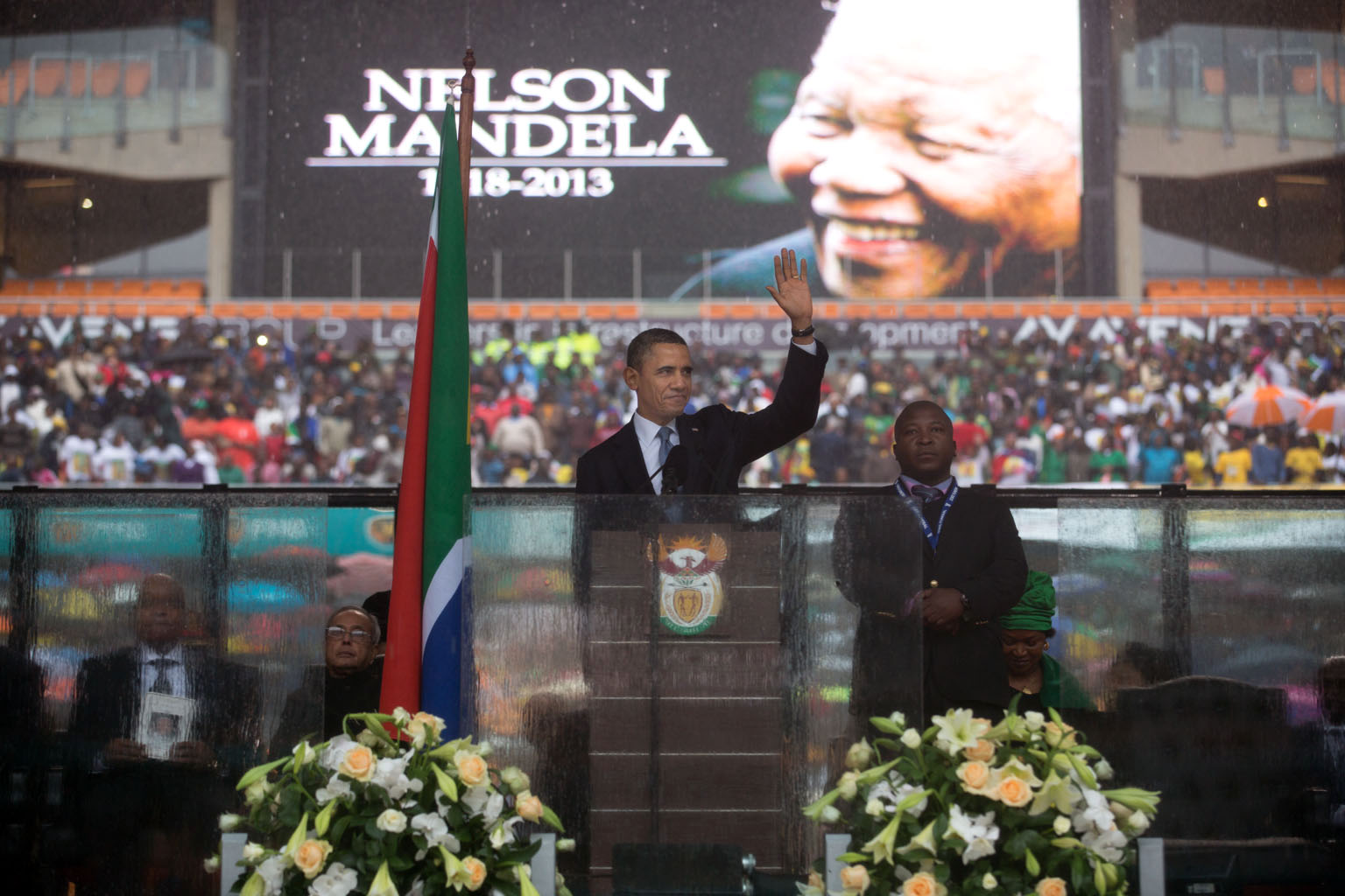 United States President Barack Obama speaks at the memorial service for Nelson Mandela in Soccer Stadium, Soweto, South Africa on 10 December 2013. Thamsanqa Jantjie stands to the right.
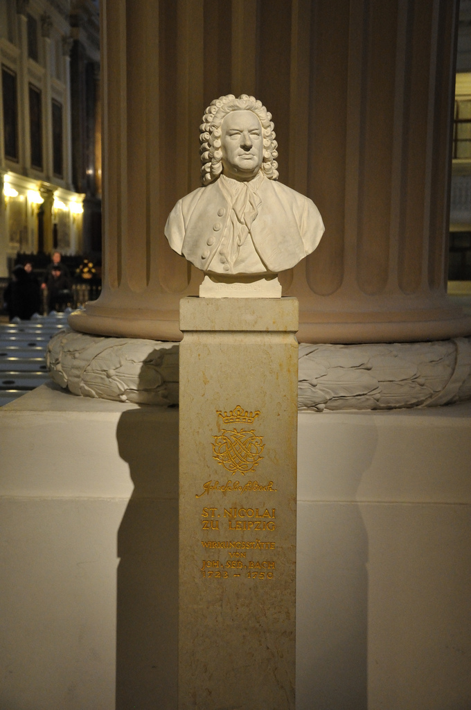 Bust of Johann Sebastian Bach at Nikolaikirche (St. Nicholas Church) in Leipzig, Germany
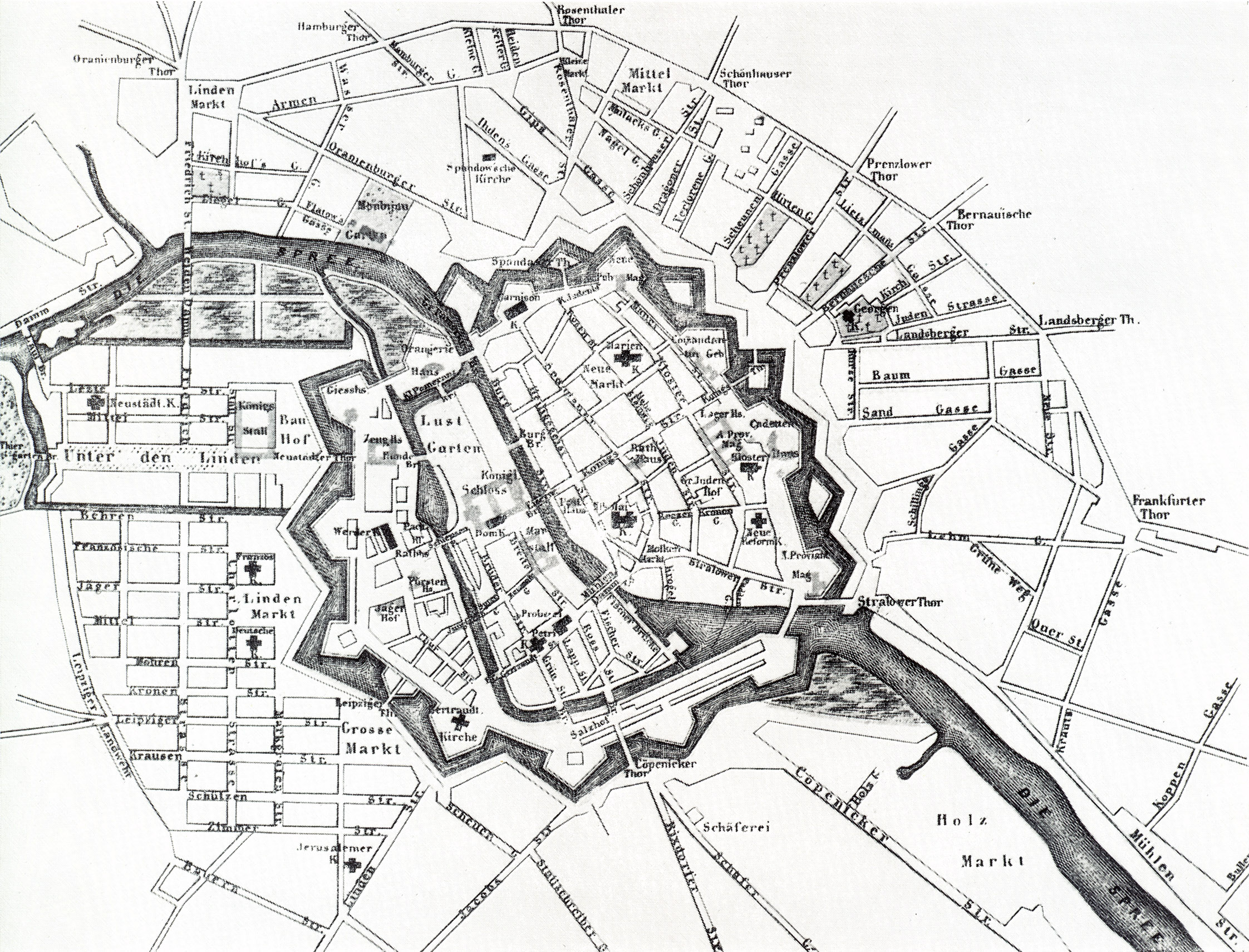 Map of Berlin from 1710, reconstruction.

= = =

### WHAT NEEDS TO BE DONE
Word for word, quote the lines above. Omit the pictures.

### ANSWER TO THIS TASK
 United States President Barack Obama speaks at the memorial service for Nelson Mandela in Soccer Stadium, Soweto, South Africa on 10 December 2013. Thamsanqa Jantjie stands to the right.
 Bust of Johann Sebastian Bach at Nikolaikirche (St. Nicholas Church) in Leipzig, Germany
 Map of Berlin from 1710, reconstruction.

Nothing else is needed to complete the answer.